▶ WHAT YOU ARE ASKED TO DO:
From the entries below, retype only the lines from the one with "本品は純銅製の高浮彫描金八宝" through the one with "Bij deze carport", exactly as written.

▶ TASK INPUT:

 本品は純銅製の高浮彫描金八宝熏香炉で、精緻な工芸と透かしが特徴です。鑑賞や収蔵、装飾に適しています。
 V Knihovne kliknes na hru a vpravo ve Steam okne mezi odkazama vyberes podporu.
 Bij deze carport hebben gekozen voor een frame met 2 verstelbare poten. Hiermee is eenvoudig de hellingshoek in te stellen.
---
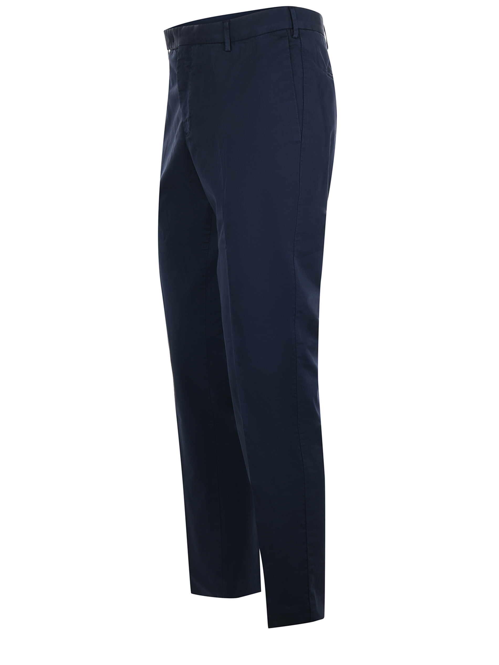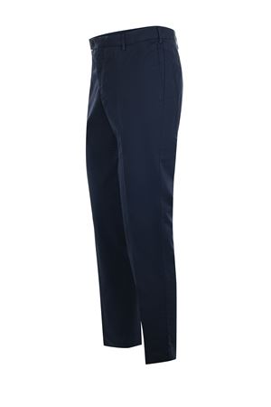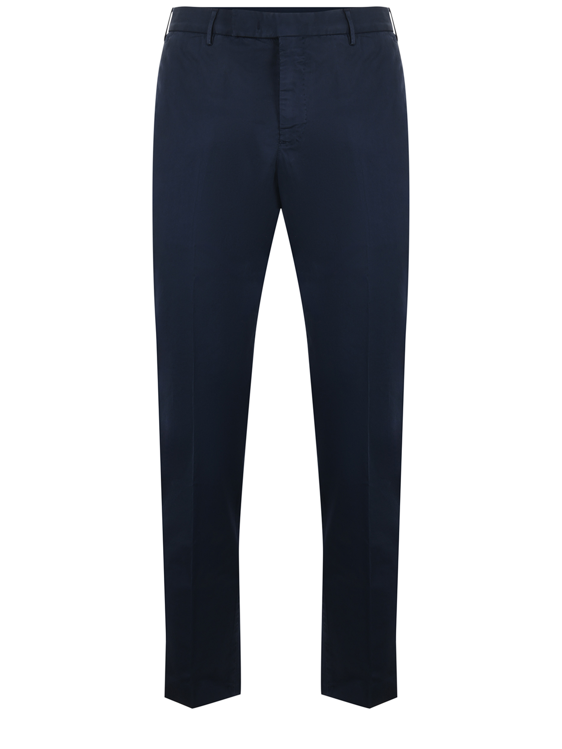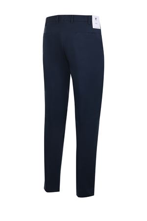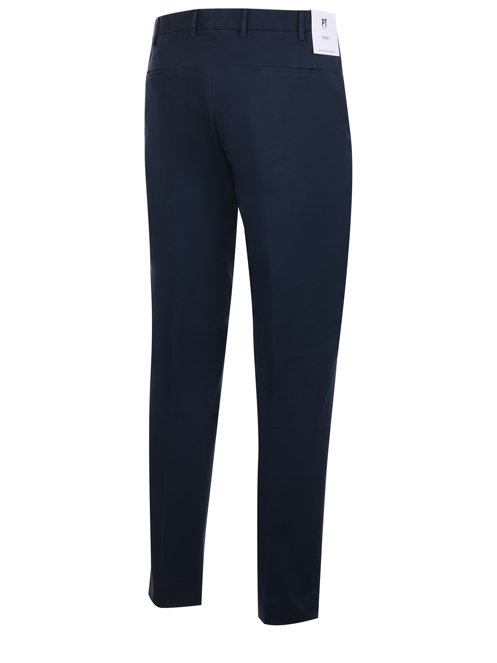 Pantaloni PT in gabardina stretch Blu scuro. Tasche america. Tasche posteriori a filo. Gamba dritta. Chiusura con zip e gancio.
---
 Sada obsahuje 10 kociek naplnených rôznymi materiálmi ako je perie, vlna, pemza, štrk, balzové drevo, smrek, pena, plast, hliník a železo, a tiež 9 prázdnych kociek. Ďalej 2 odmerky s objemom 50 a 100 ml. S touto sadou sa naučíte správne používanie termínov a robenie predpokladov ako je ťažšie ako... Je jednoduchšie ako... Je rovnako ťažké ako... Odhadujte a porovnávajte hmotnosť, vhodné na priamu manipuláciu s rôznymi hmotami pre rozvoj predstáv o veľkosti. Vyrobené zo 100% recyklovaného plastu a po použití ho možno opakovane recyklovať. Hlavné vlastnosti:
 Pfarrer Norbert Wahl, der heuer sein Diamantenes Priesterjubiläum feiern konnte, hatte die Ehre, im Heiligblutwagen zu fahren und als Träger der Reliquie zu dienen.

▶ FINAL ANSWER:
 本品は純銅製の高浮彫描金八宝熏香炉で、精緻な工芸と透かしが特徴です。鑑賞や収蔵、装飾に適しています。
 V Knihovne kliknes na hru a vpravo ve Steam okne mezi odkazama vyberes podporu.
 Bij deze carport hebben gekozen voor een frame met 2 verstelbare poten. Hiermee is eenvoudig de hellingshoek in te stellen.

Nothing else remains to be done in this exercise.